La mobilisation s’intensifie autour de la préservation de la paix et de la cohésion sociale. Jeudi dernier, à la faculté Imam Chafiou, le Dar Iftah (bureau du grand mufti) a réuni la notabilité, marquant ainsi une troisième phase dans son action. Cette rencontre, élargie à plusieurs oulémas, à l’Agence nationale du Hadj ainsi qu’à des représentants du ministère de l’Intérieur, s’inscrit dans une dynamique de concertation face à une situation jugée préoccupante. Au cœur des échanges : la prière du vendredi et l’apparition du croissant lunaire, deux éléments fondamentaux de la pratique religieuse, parfois à l’origine de tensions dans certaines localités.
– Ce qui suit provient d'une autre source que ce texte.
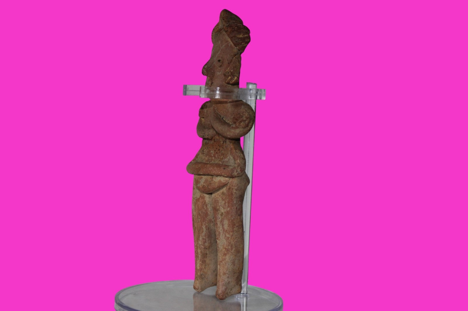 Dimensions: 6 inches tall, 2 ¼ inches wide, weighs 103 grams. History: The deceased were lowered tied to boards through long shafts into tombs where workers arranged the bodies in their final resting places, often alongside previously interred family members. Tomb figures were placed with the fallen to provide companionship, guidance, and protection in the afterlife. Description: Male Shaman figure, wearing headgear, ear ornaments, and a loin cloth. Right ear ornament damaged, nose chipped, reattached at the waste. Overall Good condition. Manganese Dioxide Reactivity Test Results: 40% hydrogen peroxide was applied to multiple manganese blooms that resulted in a chemical reaction confirming approximately 2000 years of underground burial. Provenance: Ex. Private Nevada collection. Ex. Dr. David Harner collection, Arkansas, 1950’s -1960’s.Ex. Arte Primitivo Fine Art Gallery, February 2025. Acquired by The Artifact City Collection in 2025.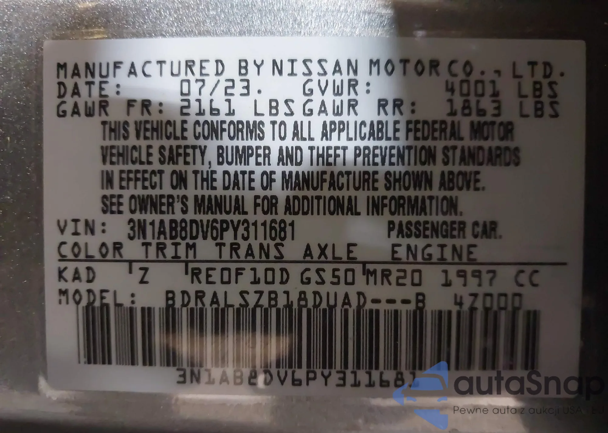 • VIN: 3N1AB8DV6PY311681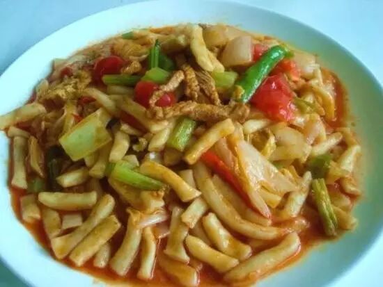 碧西巴格家的炒面很独特,与其他家不同,不同的是在炒的时候加入了花生豆,虽然是整粒加进去但是一点也不影响香味的挥发,嚼起来香香的,肉肉也很多,快来试试吧。

Le vice-mufti de la République, le docteur Abdoulhakim Mohamed Chakir, a tenu à rappeler le caractère sacré de ces questions. « Personne ne peut intervenir lorsque Dieu a déjà prescrit ses ordres », a-t-il déclaré. Dans son intervention, il a insisté sur le droit inaliénable de chaque fidèle à accomplir ses obligations religieuses sans entrave.
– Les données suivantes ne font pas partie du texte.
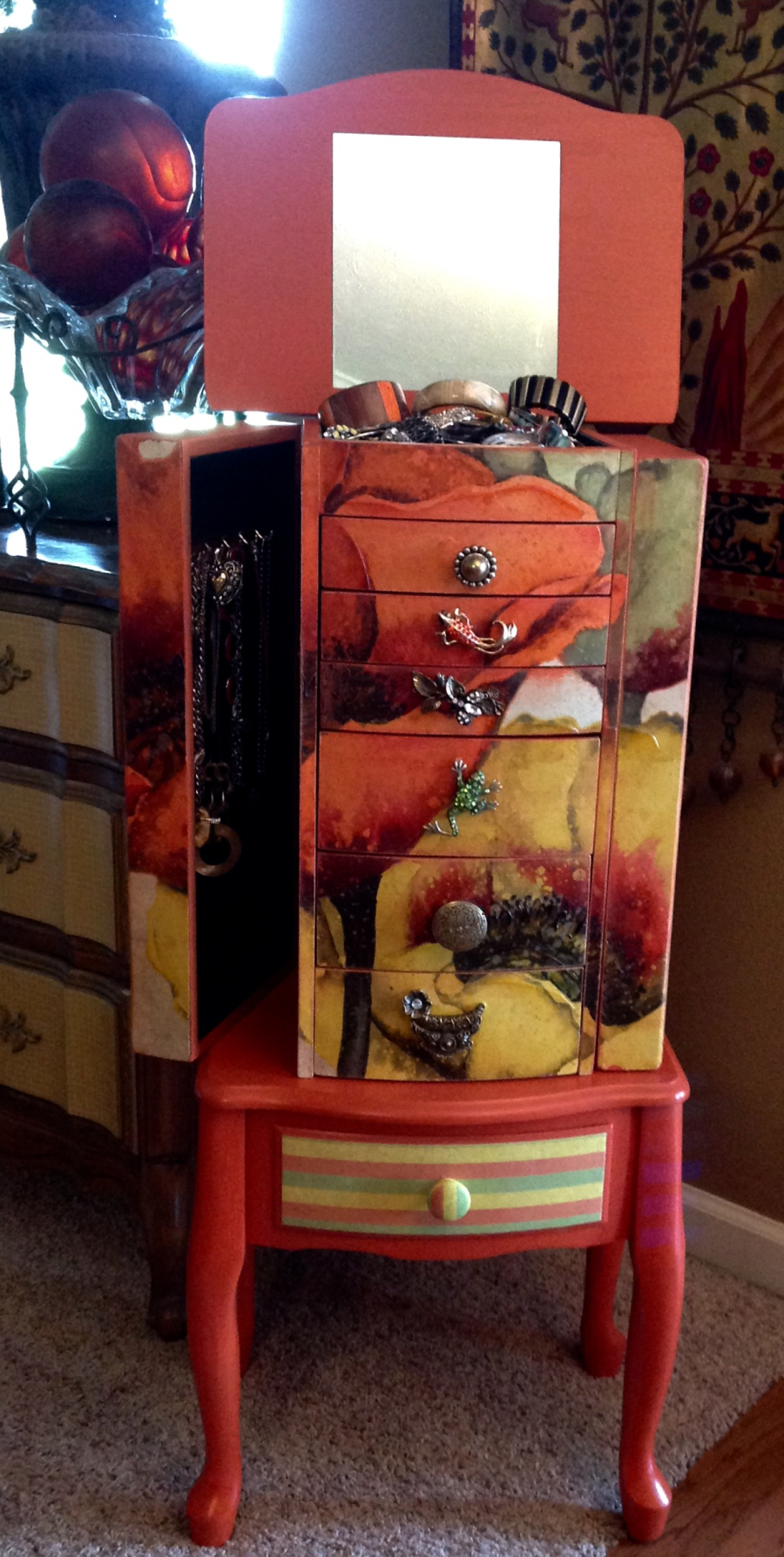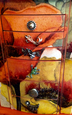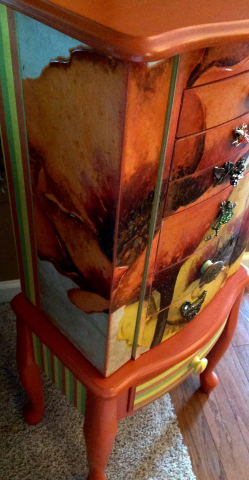 Hot summertime colors,over the top custom knobs make up this yummmmmmy!!! Concoction. Decoupaged canvas...custom tissue paper and knobs. Beware this is not for every one ...you gotta be as strong as this piece to use it but was listed for about five minutes.

« Personne ne peut empêcher autrui d’aller à la mosquée pour accomplir son devoir divin, même en cas de conflit », a-t-il ajouté. Il a également dénoncé certaines pratiques consistant à exclure des fidèles ou à diviser les mosquées en raison de différends sociaux ou communautaires. Selon lui, « accomplir la prière à la mosquée est un droit pour tous, où et quand chacun le souhaite ». Le message est sans équivoque : il est impératif de dissocier les tensions politiques et sociales des pratiques religieuses. Une séparation jugée essentielle pour éviter que des conflits profanes ne viennent perturber l’unité spirituelle. « Chacun doit rester à sa place », a insisté le vice-mufti, appelant à une prise de conscience collective.
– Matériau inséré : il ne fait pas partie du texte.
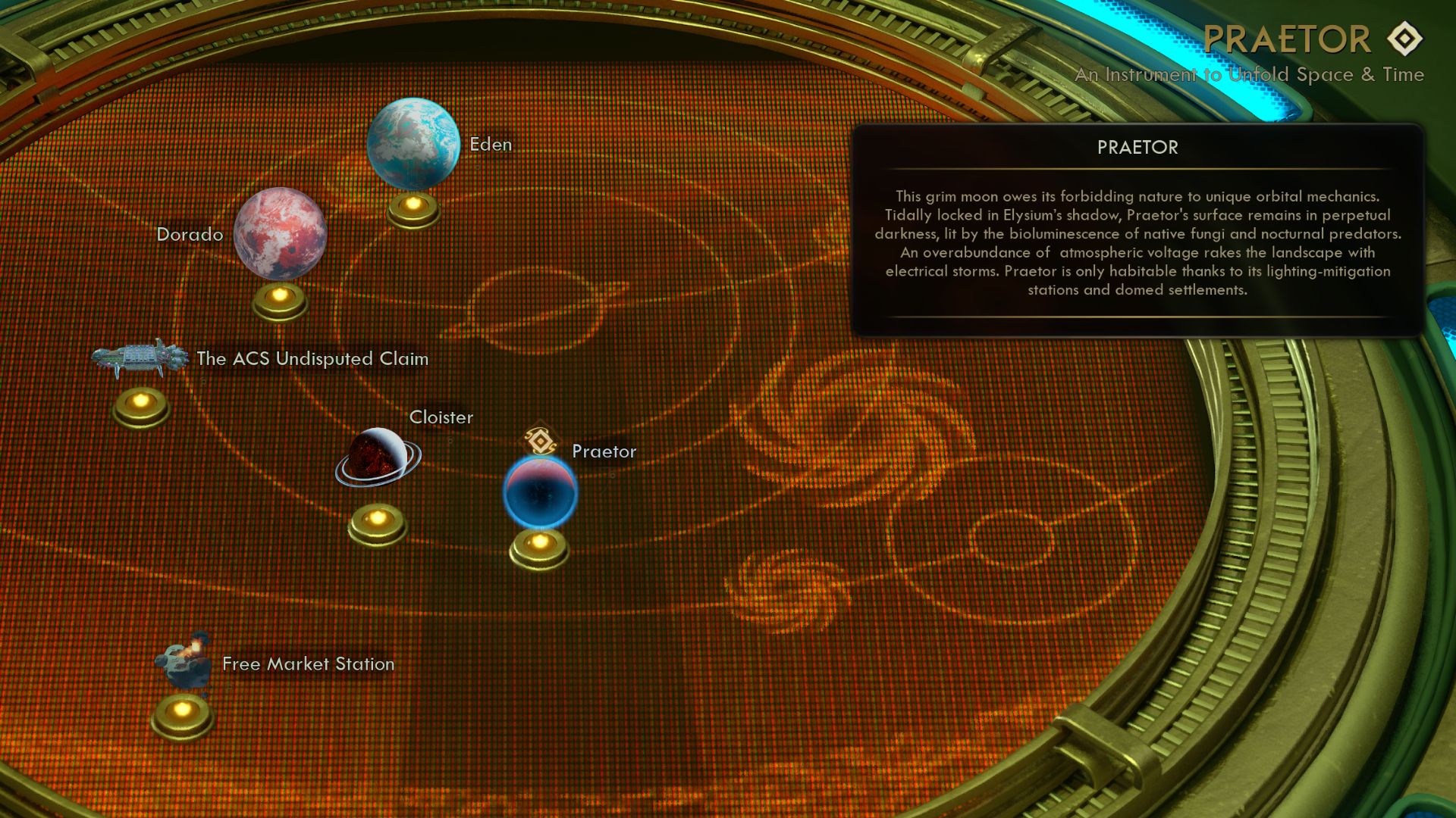 - The Orrery outside the Observatory reveals the answer to the third riddle of the Order Initiate puzzle – pay attention to the planets that orbit each other (Cloister and Praetor), and the rotation of Eden (the small green/blue moon).

De son côté, le directeur de cabinet du Dar Iftah, Dr Saïd Abdallah, a souligné l’importance de cette rencontre avec la notabilité et les autorités administratives. « Il faut que chacun prenne ses responsabilités pour l’installation de la paix et de la stabilité », a-t-il affirmé. Selon lui, la notabilité joue un rôle clé dans la sensibilisation au niveau des villes et villages, tandis que le ministère de l’Intérieur doit veiller au maintien de l’ordre et au respect des décisions. Présent à cette rencontre, le notable Mohamed Ibrahim a salué l’initiative et assuré l’engagement des sages à relayer le message. « Nous prenons cette question très au sérieux et nous allons sensibiliser les populations », a-t-il déclaré. Il a également mis en garde contre les conséquences des conflits religieux, estimant que « tout peut être supporté, sauf une crise religieuse ».

À travers cette démarche inclusive, les autorités religieuses cherchent à désamorcer les tensions. Après avoir informé l’opinion publique et les médias, puis organisé une conférence de presse, l’implication de la notabilité apparaît comme une étape stratégique pour atteindre les communautés à la base. L’enjeu est de préserver l’unité nationale dans un contexte où des divisions religieuses pourraient fragiliser durablement le tissu social.